● What is needed
Begin at the line containing "廣州日?qǐng)?bào)" and give again every line to the end of the records, exactly, without the pictures.

-- -- --

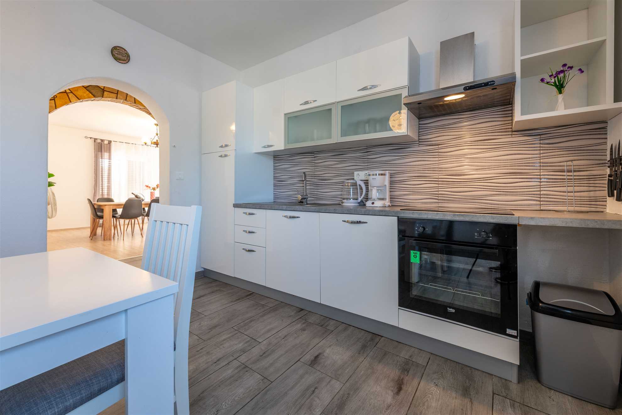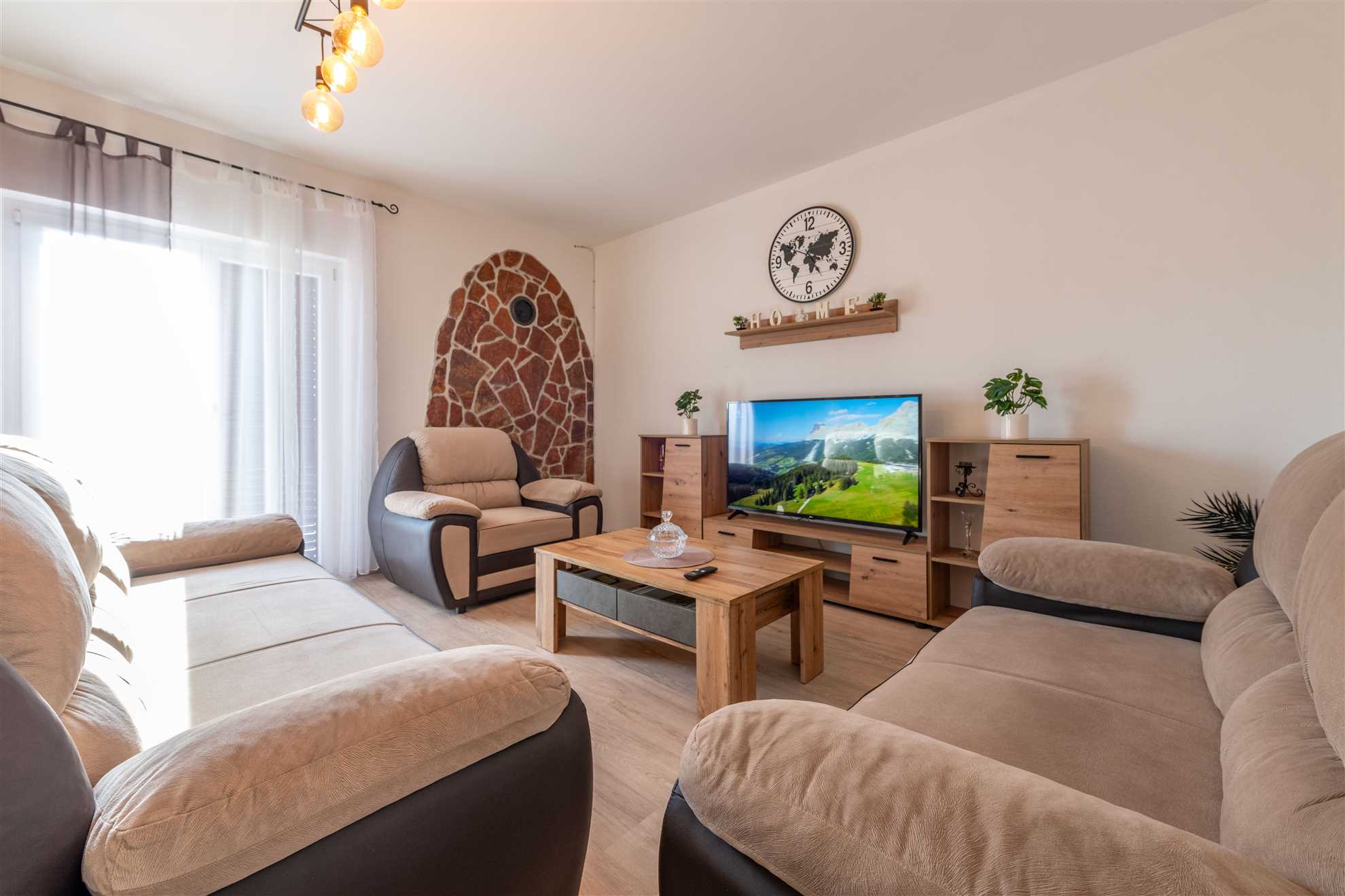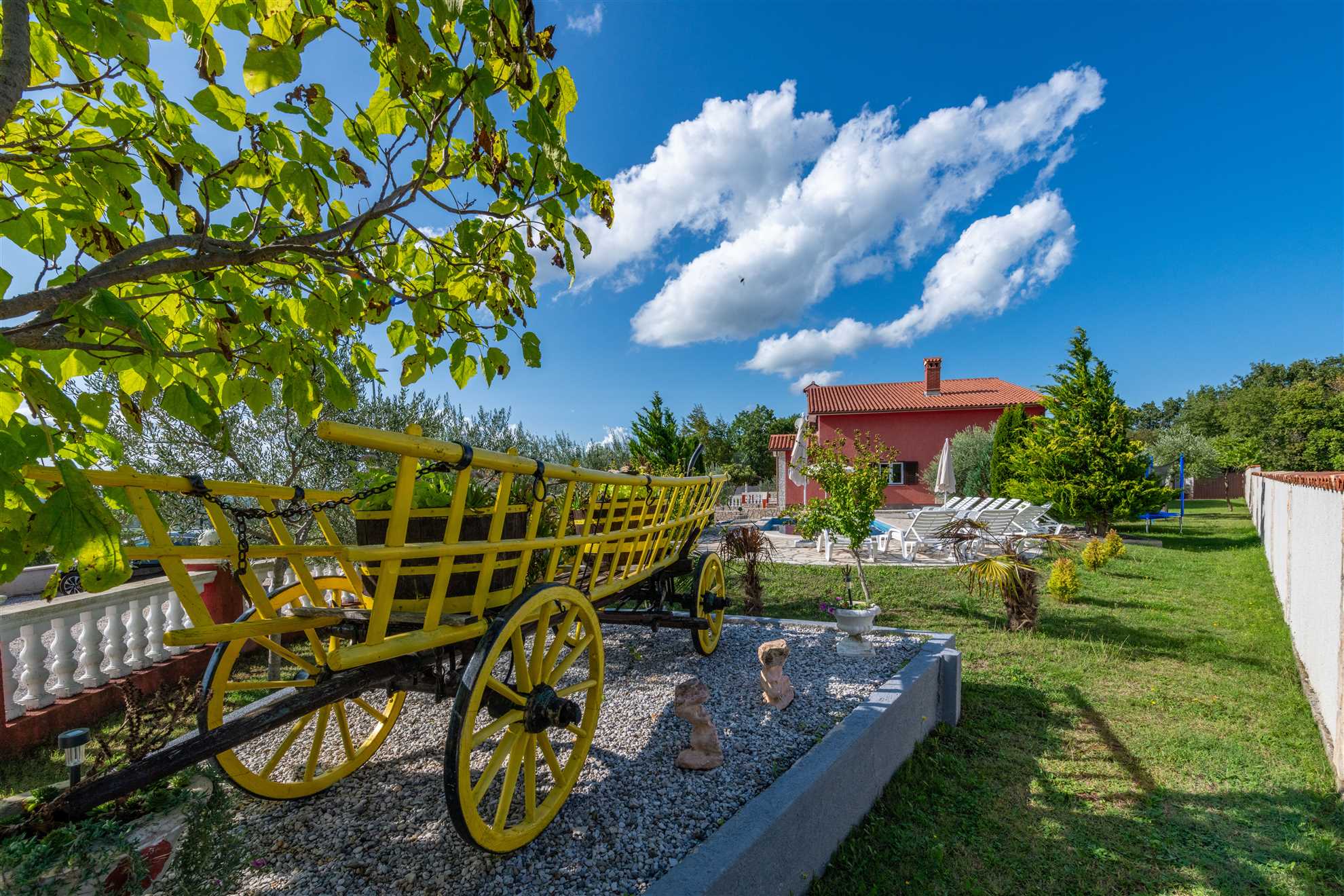 Villa Marić in Kranjci near Labin is a stunning two-floor retreat offering 280 sqm of modern comfort surrounded by a lush 1100 sqm Mediterranean garden. Designed to host up to 12 guests, the villa features six bright and airy bedrooms, two elegant bathrooms, a fully equipped kitchen, and a stylish living room. Outside, guests can unwind by the beautiful private pool, relax on the sun loungers, or enjoy delicious meals at the large dining area and grill. The expansive garden includes a swingset and trampoline, making it perfect for families with children. With free WiFi, a child cot, and secure parking for up to six vehicles, Villa Marić offers everything needed for a carefree and luxurious holiday. The entire property and garden are exclusively for guest use, ensuring total privacy and tranquility.
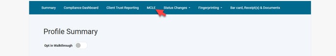 From the main navigation bar at the top of your My State Bar Profile Summary page, select “MCLE.”
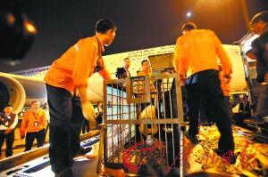 廣州日?qǐng)?bào)10月28日?qǐng)?bào)道 23時(shí)58分,第一批兩只熊貓寶寶津柯和博斯同時(shí)被運(yùn)下飛機(jī),2分鐘后就被裝上了前來迎接它們的車輛。其余4只熊貓?jiān)诘诙黄鹣铝孙w機(jī),所有熊貓寶寶在今日凌晨0時(shí)10分裝車完成,被送往香江野生動(dòng)物園。
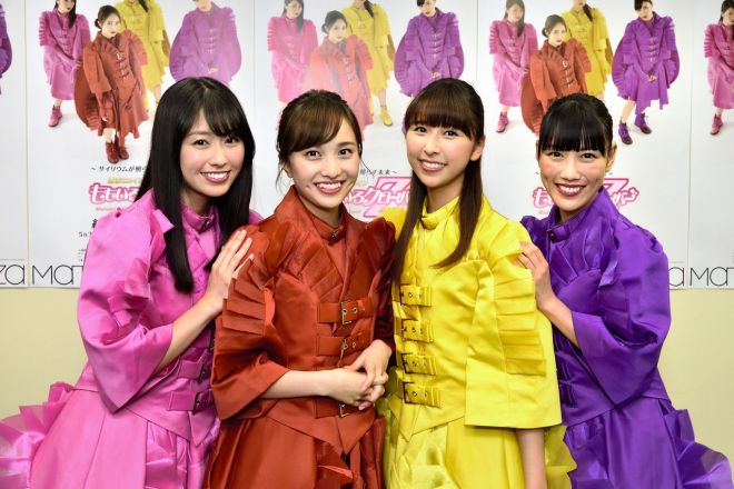 ももいろクローバーZの(左から)佐々木彩夏、百田夏菜子、玉井詩織、高城れに=片岡純撮影、朝日新聞
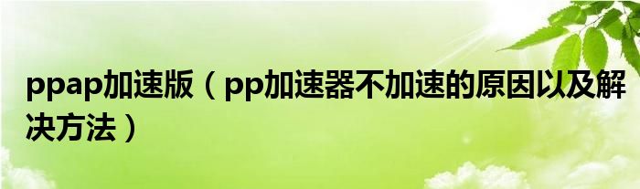 大家好,小太来为大家解答以上问题。ppap加速版,pp加速器不加速的原因以及解决方法很多人还不知道,现在让我们一起来看看吧!
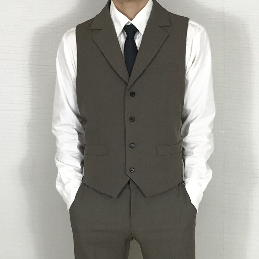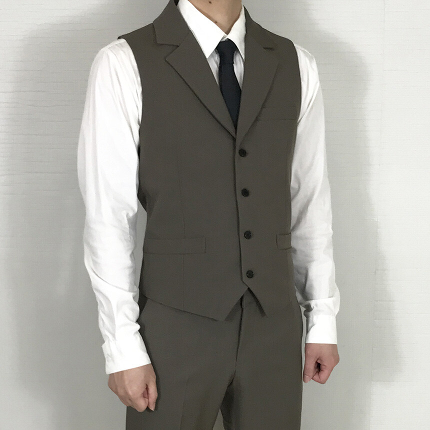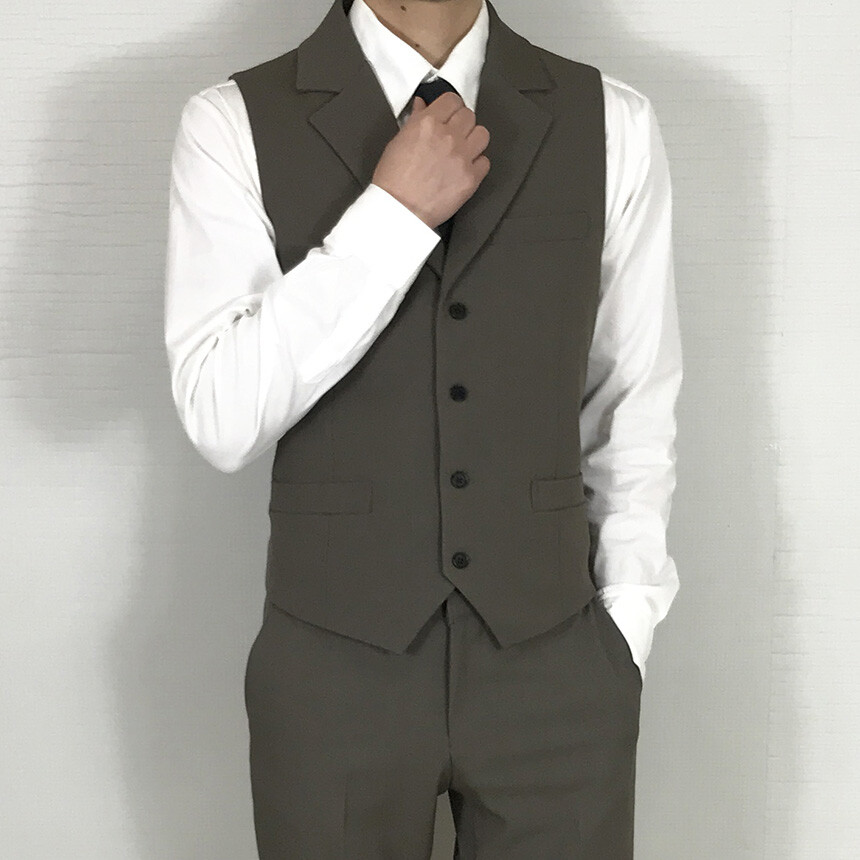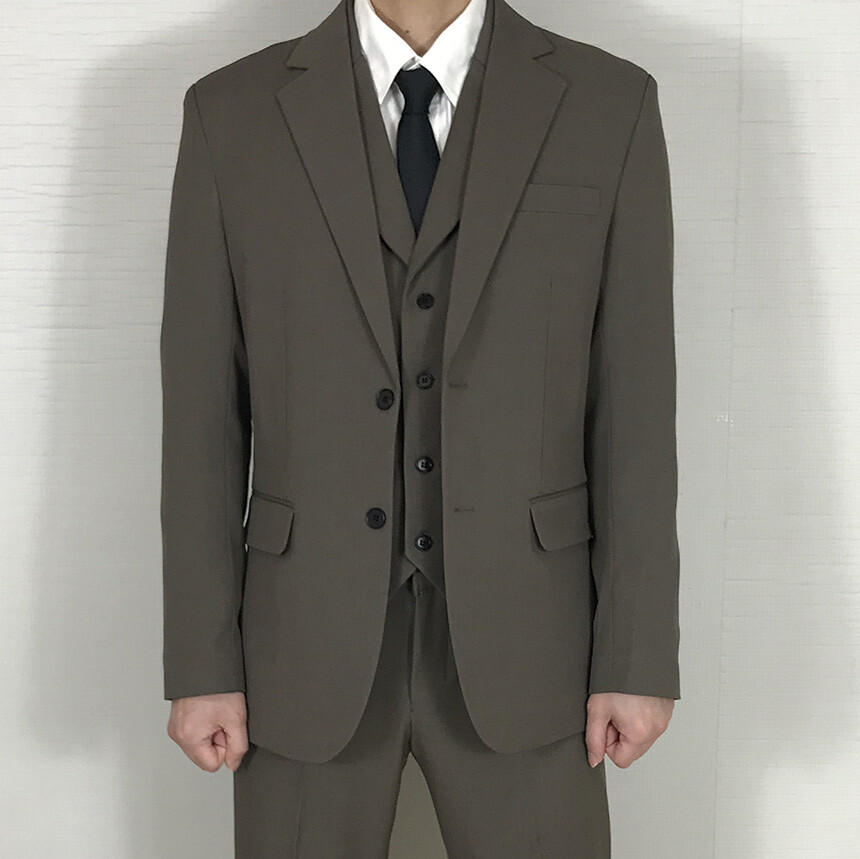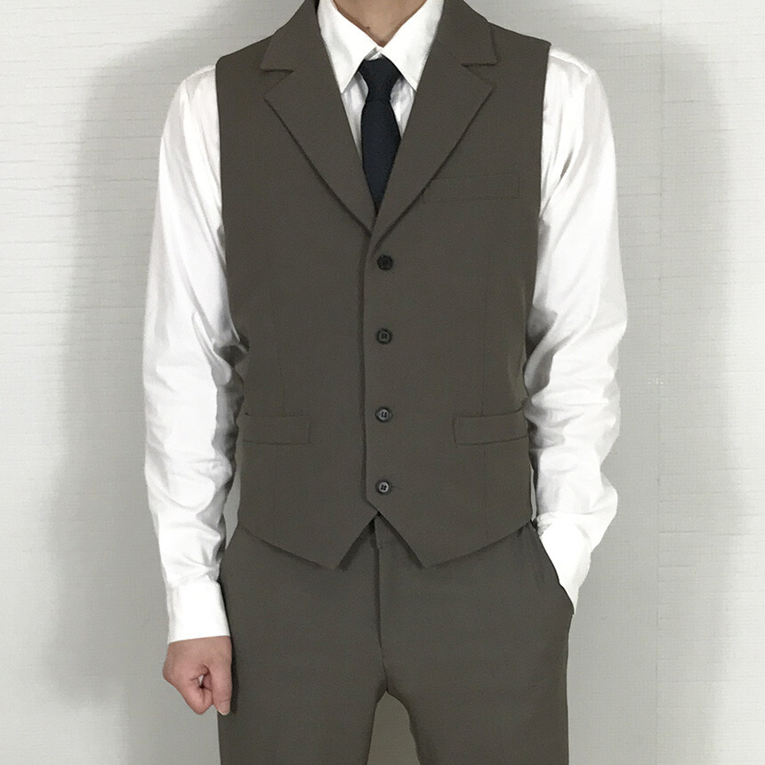 스탠다드핏 카키 카라조끼 캐주얼정장

-- -- --

● Output for this exercise
 廣州日?qǐng)?bào)10月28日?qǐng)?bào)道 23時(shí)58分,第一批兩只熊貓寶寶津柯和博斯同時(shí)被運(yùn)下飛機(jī),2分鐘后就被裝上了前來迎接它們的車輛。其余4只熊貓?jiān)诘诙黄鹣铝孙w機(jī),所有熊貓寶寶在今日凌晨0時(shí)10分裝車完成,被送往香江野生動(dòng)物園。
 ももいろクローバーZの(左から)佐々木彩夏、百田夏菜子、玉井詩織、高城れに=片岡純撮影、朝日新聞
 大家好,小太来为大家解答以上问题。ppap加速版,pp加速器不加速的原因以及解决方法很多人还不知道,现在让我们一起来看看吧!
 스탠다드핏 카키 카라조끼 캐주얼정장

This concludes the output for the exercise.